[[ The data open ]]

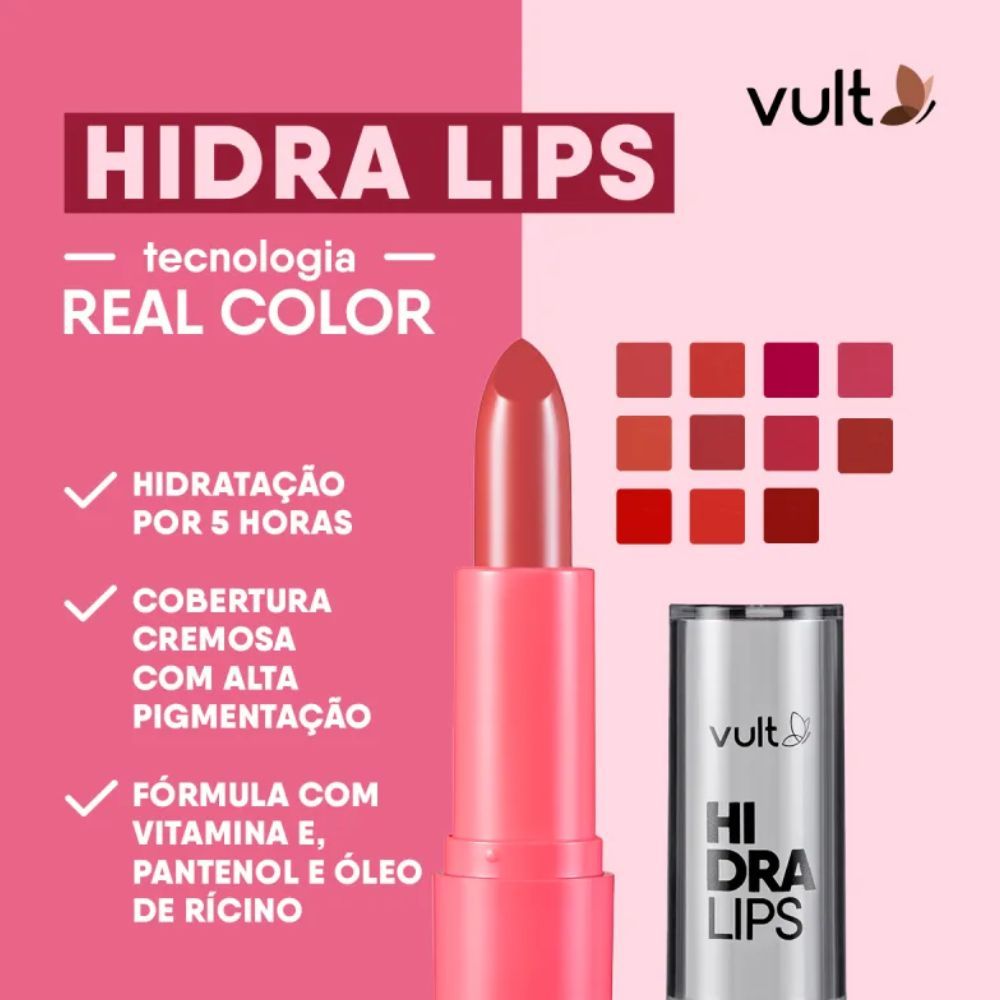 Vult Hidra Lips Rose Gold Batom cremoso Vult Hidra Lips possui textura cremosa e confortável que proporciona alta pigmentação e hidratação por 5 horas. O Batom Cremoso Vult Hidra Lips apresenta fórmul
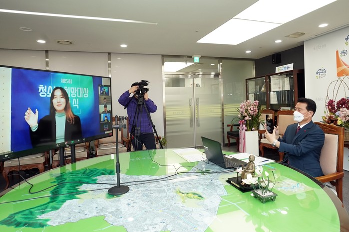 이승로 서울 성북구청장이 28일 한국청소년재단이 주관하는 ‘제5회 청소년희망대상’ 기초자치단체장 부문 대상을 받았다. 이 구청장은 청소년의 교육 및 복지증진과 인권향상 그리고 청소년의 삶을 개선하는 데 기여한 공로를 인정받았다. 사진은 이 구청장(오른쪽)이 온라인으로 수상을 하는 모습. (사진제공=성북구청)
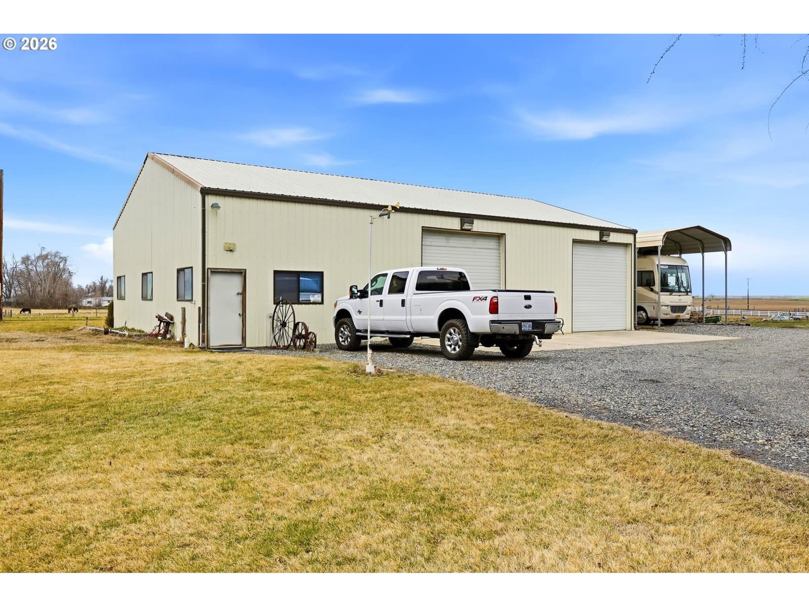 Welcome to this beautiful hidden gem — 4.03 acres of peaceful living tucked away in a private setting. There’s ample room for a small farm, complete with fenced pasture and valuable water rights. A spacious 2,400-sq-ft shop offers endless possibilities, and additional storage sheds provide even more flexibility for your projects and equipment.The property also includes RV parking with full hook-ups, creating an excellent opportunity for extra income or hosting long-term guests.Mature trees provide cool summer shade, inviting you to slow down and savor the outdoors. The home has been lovingly maintained and now features a newly added covered patio — the perfect place to unwind and enjoy countless relaxing moments with the people you love.
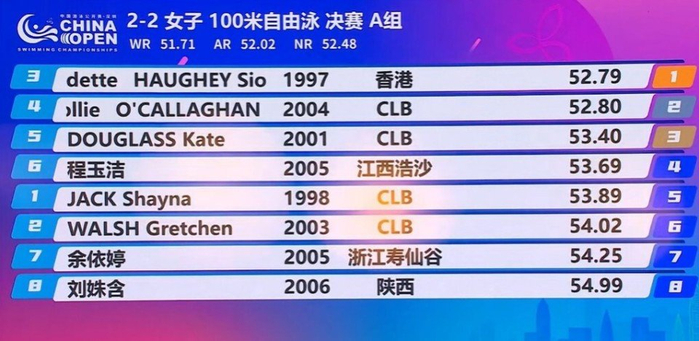 3月19日,2026年中国游泳公开赛暨全国春季游泳锦标赛迎来首个比赛日。在晚间决赛竞赛单元女子100米自由泳决赛的比赛当中,中国香港名将以52秒79的成绩拿到了金牌,澳大利亚名将、5枚奥运金牌得主奥卡拉汉以0.01秒之差获得了亚军。
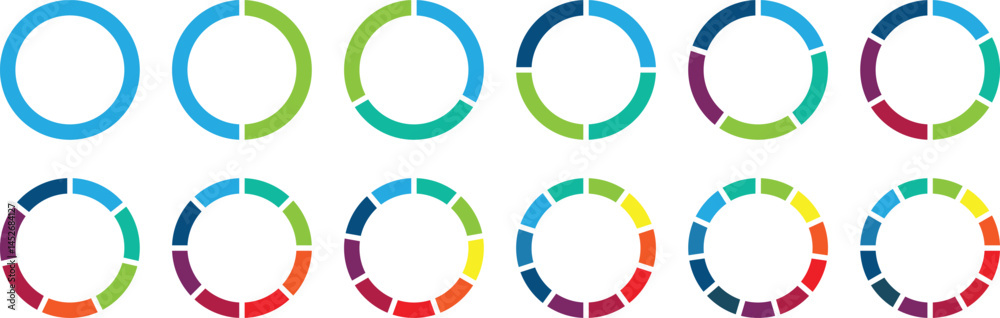 Circle pie chart diagram. Pie chart set, segmented circle icons. Pie chart divided 1,2,3,4,5,6,7,8,9,10,11,12 equal parts. Infographic wheel segment or section parts. Circle section graph. Vector set #1452684127
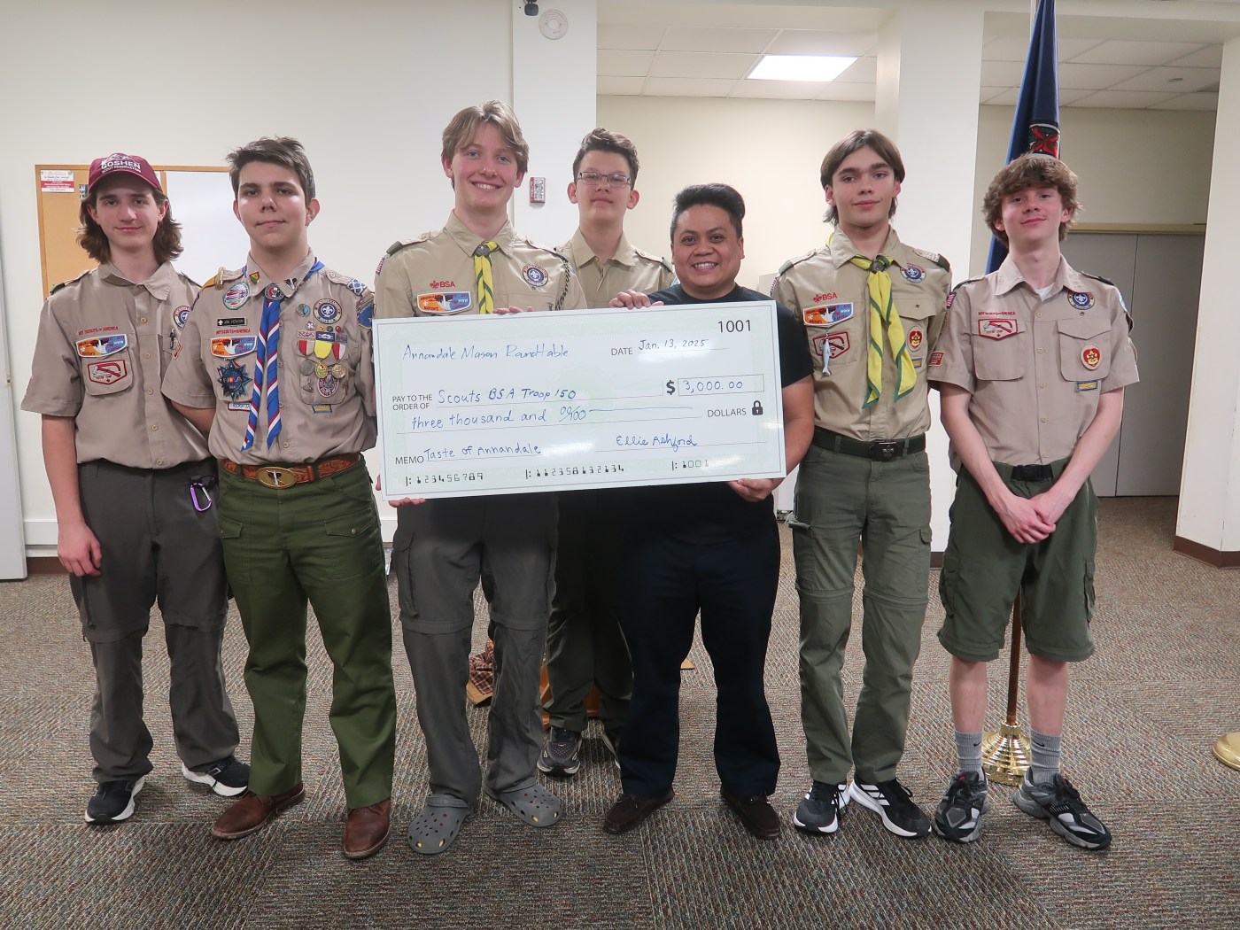 The Annandale-Mason Roundtable on Jan. 13 presented a $3,000 grant to Scout Troop 150 to expand opportunities for local youths to take part in outdoor activities.
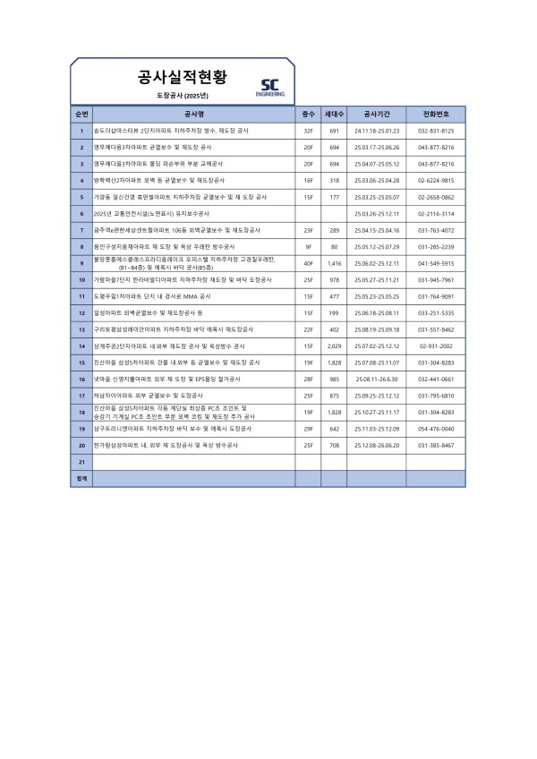 2025년 도장 공사 실적 현황
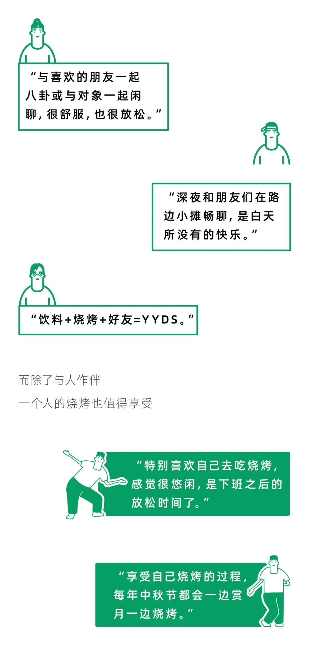 “因为吃烧烤可以放下一天工作或者学习的疲惫,好好享受吃烧烤的快乐。”
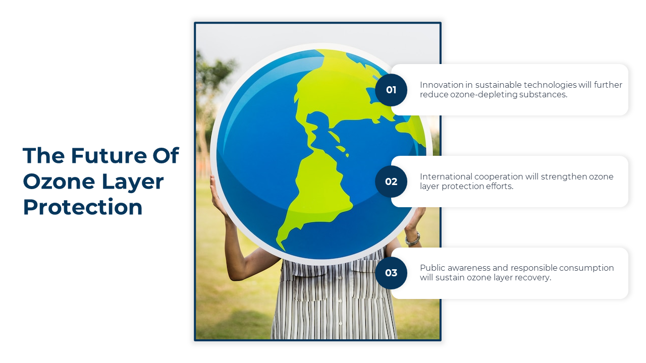 World Ozone Day, also known as the International Day for the Preservation of the Ozone Layer, observed every September 16th, is a global initiative emphasizing the protection of Earth's vital ozone layer. This protective shield in the stratosphere shields life from harmful ultraviolet (UV) radiation. It serves as a reminder of our responsibility to combat ozone layer depletion and honors the Montreal Protocol, a treaty striving to phase out ozone-depleting substances. Our World Ozone Day PowerPoint is an indispensable resource for educators, environmentalists, and advocates. It simplifies the creation of engaging presentations on ozone layer conservation, and its fully editable slides enable customization. Utilize this template to effectively convey the importance of ozone preservation, engage your audience, and inspire action for a healthier planet. Join us in safeguarding the ozone layer for a sustainable future.
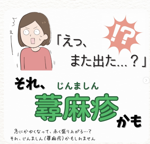 それは、じんましん(蕁麻疹)かもしれません。じんましんはよくある病気ですが、かゆみが強かったり、何度も続くと不安になります。
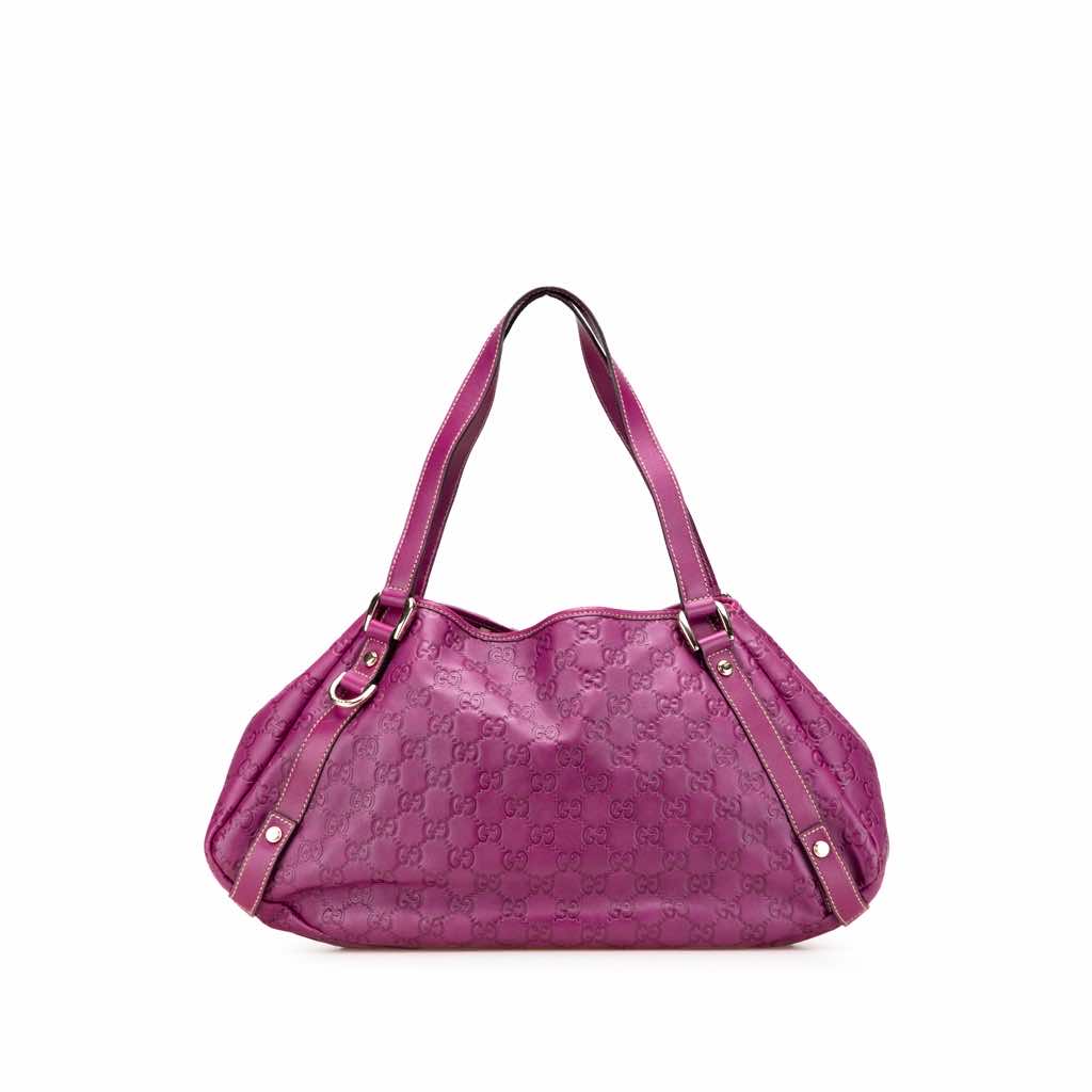 This tote bag features an embossed leather body, flat leather shoulder straps, an open top, and interior zip and slip pockets.

[[ The data closed ]]

Please set down only the lines from the first line of the records above through the line that has "이승로 서울 성북구청장이", exactly, and not the pictures.

→ Exercise result:
 Vult Hidra Lips Rose Gold Batom cremoso Vult Hidra Lips possui textura cremosa e confortável que proporciona alta pigmentação e hidratação por 5 horas. O Batom Cremoso Vult Hidra Lips apresenta fórmul
 이승로 서울 성북구청장이 28일 한국청소년재단이 주관하는 ‘제5회 청소년희망대상’ 기초자치단체장 부문 대상을 받았다. 이 구청장은 청소년의 교육 및 복지증진과 인권향상 그리고 청소년의 삶을 개선하는 데 기여한 공로를 인정받았다. 사진은 이 구청장(오른쪽)이 온라인으로 수상을 하는 모습. (사진제공=성북구청)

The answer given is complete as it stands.